Monster Count (the more the monsters, the higher the difficulty):

M = ΣwᵢMᵢ,

where the values Mᵢ represent the number of monsters of different types and wᵢ are their weights (the tougher the monster, the higher the weight);

Ammo Count (the less ammo, the higher the difficulty):

A = Σw’ᵢAᵢ,

where the values Aᵢ represent how much of each ammo type there is on the map and wᵢ are their weights (Cells > Rockets > Nail > Shells), provided of course that if there is ammo of a certain type on a map then at least one of the corresponding weapons is also present;

Health Count (the less health, the higher the difficulty):

H = Σhᵢ,

where hᵢ are the individual health boxes found on the map, measured in hp (health points);

Armor Count (the less armour, the higher the difficulty):

P = Σpᵢ,

where pᵢ are the individual armors found on the map, measured in armor points;

Distance Between Monsters (the smaller the distance between monsters, the higher the difficulty), weighted with their toughness:

D = Σwᵢwⱼd(i, j) / Cₙ² = 2Σwᵢwⱼd(i, j) / n(n-1),

where n is the number of monsters on the map and d(i, j) is the distance between the monsters i and j if the monsters have different coordinates, and the distance between one of the monsters and its trigger, or the player at the time of its teleportation, if i≠j but the monsters have the same coordinates, i.e. one is set to teleport in the other’s spot;

Then our formula for the skill level of the map would be:

S = M / D(A+H+P).

Computing this for the original ID maps would allow us to assign numerical values to the Easy, Normal, and Hard categories, and weigh any custom map against those.

Notes:

• it might be lucrative to convert ammo and armour to hp and compute it that way; monsters could also be converted that way by taking their weights to match their health, however, there’s a difference between killing an enforcer and killing a spawn with four shotgun shots;

• in order to compute the distance between monsters one would of course have to have access to their 3D coordinates;

• the formula could be tweaked such that S = 1 mean Normal.

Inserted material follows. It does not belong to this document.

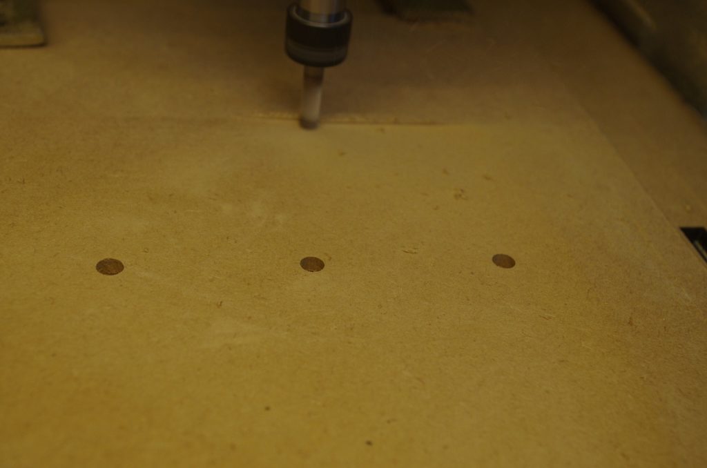 まずはフィンの型をMDFにCNCで彫り込む。上下対象にするために同じものを2枚。
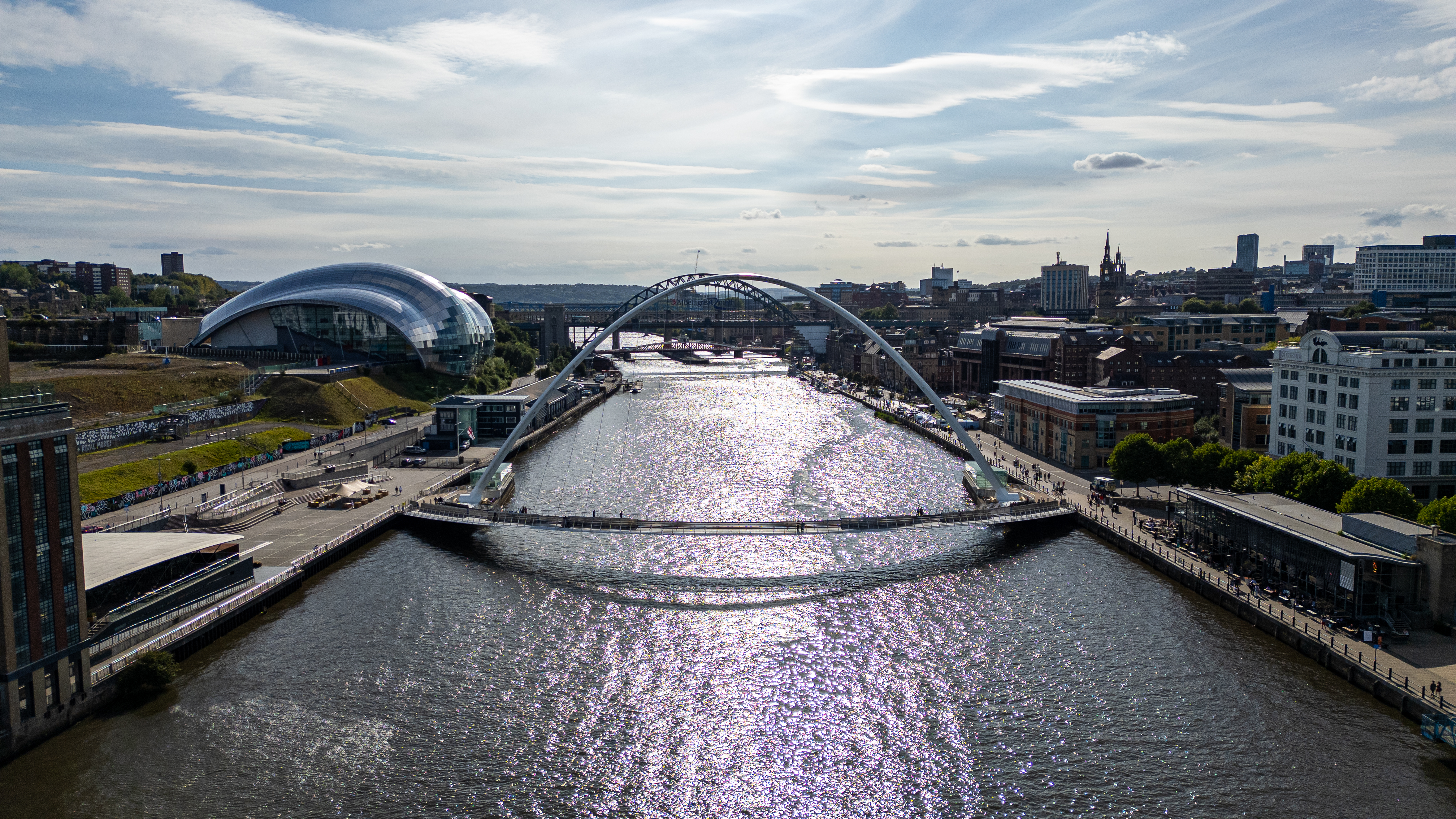 Aerial view of a city landscape featuring a river spanned by two distinct bridges, with modern and traditional architecture, and a cloudy sky in Newcastle upon Tyne, UK.

Correction: in the formula above for D, the expression wᵢwⱼ should be replaced with (1-wᵢ)(1-wⱼ), provided that the weights are normalized, or generally with (w-wᵢ)(w-wⱼ), where w = Σwᵢ, in order for the difficulty to increase in the final formula with the roughness of the monsters. Alternatively, one could keep wᵢwⱼ and have the inverse of the distance as defined above instead be in the formula for D and then take
S = M•D / (A+H+P).
There are many ways to go about it.

@‘I Like Quake’, it looks very impressive.

Perhaps in some next ‘Trenchbroom’ beta version, sections - as proposed by myself in a starter post - could be made a mapping utility and the program, would count the difficulty balance value automatically for the mapper, based upon the formulations you proposed, within the scope of each section. Unless you propose the difficulty balance to always be counted for an entire map; which could be a default solution, if no sections are chosen.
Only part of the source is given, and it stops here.